The impact of a dismissal upon the confidence of the public in the criminal justice system

The court's appropriate role in protecting children is of paramount important. Simply put, unemancipated children must be able to rely on their parents or legal guardians. If this relationship breaks down, the child must receive protection from the state and the criminal justice system. If the courts were to dismiss cases involving a mother continually striking her child with a belt, confidence in the criminal justice system would be severely detrimentally impacted. Accordingly, consideration of this factor requires permitting the continued prosecution of the charged offenses.

Where the court deems it appropriate, the attitude of the complainant or victim with respect to the motion

The complainant in this case is a seven year old child. She has sworn under penalties of perjury as to the underlying facts in the criminal complaint. The complaint is corroborated by photographic evidence of the defendant's conduct. There is no reason to believe that the complaining witness will not testify. Equally important, inasmuch as the complaining witness is only seven years old, and is in the custody of ACS, nothing in the pleadings suggest that ACS believes that the criminal complaint should be dismissed in the interest of justice. Accordingly, consideration of this factor does not favor dismissal.

Any other relevant fact indicating that a judgment of conviction would serve no useful purpose.

The defendant argues that the defendant faces potential immigration consequences such as either deportation or a separation from her daughter as a result of a conviction in this case. Potential immigration consequences to a defendant is not an appropriate reason to dismiss. See People v Reyes, 174 AD2d 87, 89 (1st Dept., 1992).

Having considered the factors set forth in CPL § 170.40, both collectively and individually, this court finds the circumstances involved in this case do not involve the unusual circumstances which cry out for dismissal in the interest of justice.

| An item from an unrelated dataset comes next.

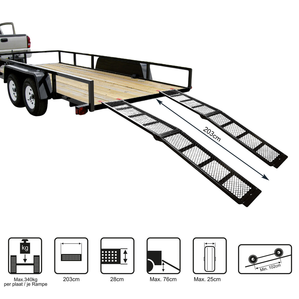 Extra starke Auffahrrampe aus Stahl, universal einsetzbar für alle Motorräder. Mit einer max. Belastung von 340 Kg ist diese Motorradrampe auch für schwerere Modelle geeigent. Durch die Klappfunktion lässt sich die Rampe leicht verstauen. Der Transport wird durch Handgriffe erleichtert. Die Oberseite ist mit einer Stahlgitter Beplakung. Dies ist optimal für zb. Motocrosser, da der Schmutz leicht abgeführt wird.
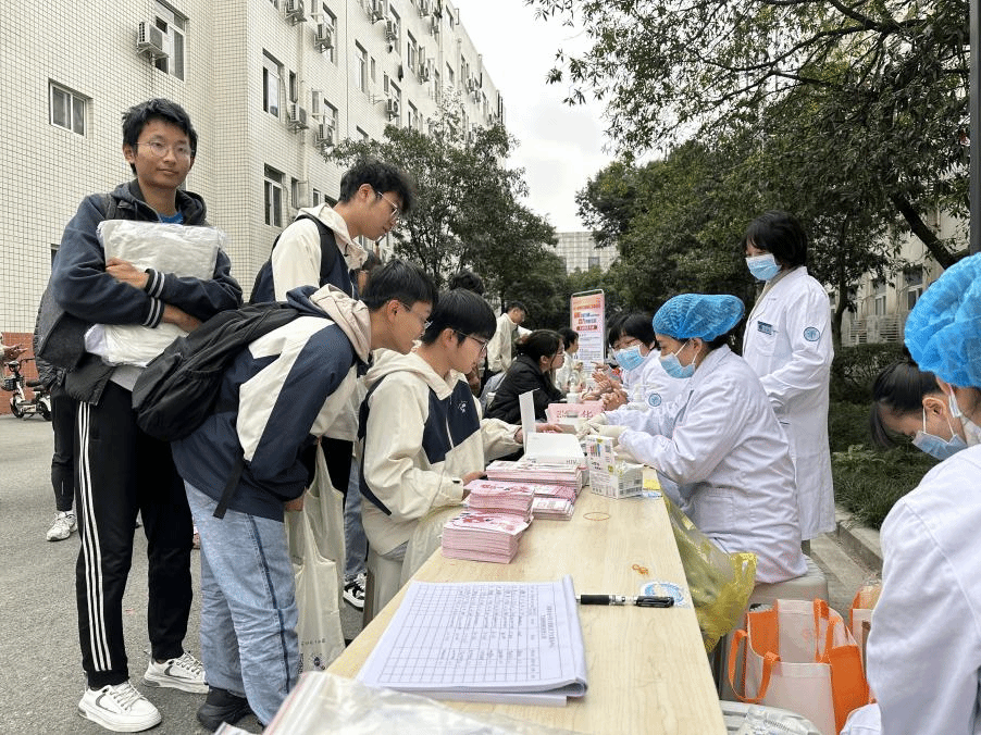同时,活动还提供了义诊区,可以提供免费的诊疗服务,参与者登记信息便可以领取免费的检测试剂,还有经验丰富的医生为参与者提供测血压、抽血、面诊等服务。同学们踊跃参与,医生们也热情地为大家答疑解惑,让参与者在义诊中更加了解自己的身体情况,关注自己的身心健康。

Accordingly, the defendant's motion is denied both because it is untimely under CPL § 255.20 and also because the court determines that dismissal in the interest of justice pursuant to CPL § 170.40 is highly inappropriate.

The foregoing constitutes the opinion, decision and order of the court.

Dated: July 10, 2015_____________________________

Brooklyn, New YorkAndrew Borrok



J.C.C. Footnotes

Footnote 1:"The Legislature's purpose in enacting CPL 250.20 was to regulate pretrial proceedings by requiring a single omnibus motion to be made promptly after arraignment and thus to avoid the proliferation experienced under prior procedure in which a defendant could bombard the courts and Judges with dilatory tactics continuing right up to the eve of trial (see 1972 Report of NY Judicial Conference Advisory Committee on the CPL, 1973 McKinney's Session Laws of NY, pp 2076-2077)." People v Lawrence, 64 NY2d 200, 203 (1984).

Footnote 2:CPL § 170.30(2) provides an exception from this 45 day requirement for motions to dismiss on the grounds that the defendant has been denied the right to a speedy trial (i.e., CPL §30.30 motions brought pursuant to CPL 170.30(1)(e)). However, no such exception exists for CPL § 170.40 motions to dismiss in the interest of justice brought pursuant to CPL § 170.30(1)(g).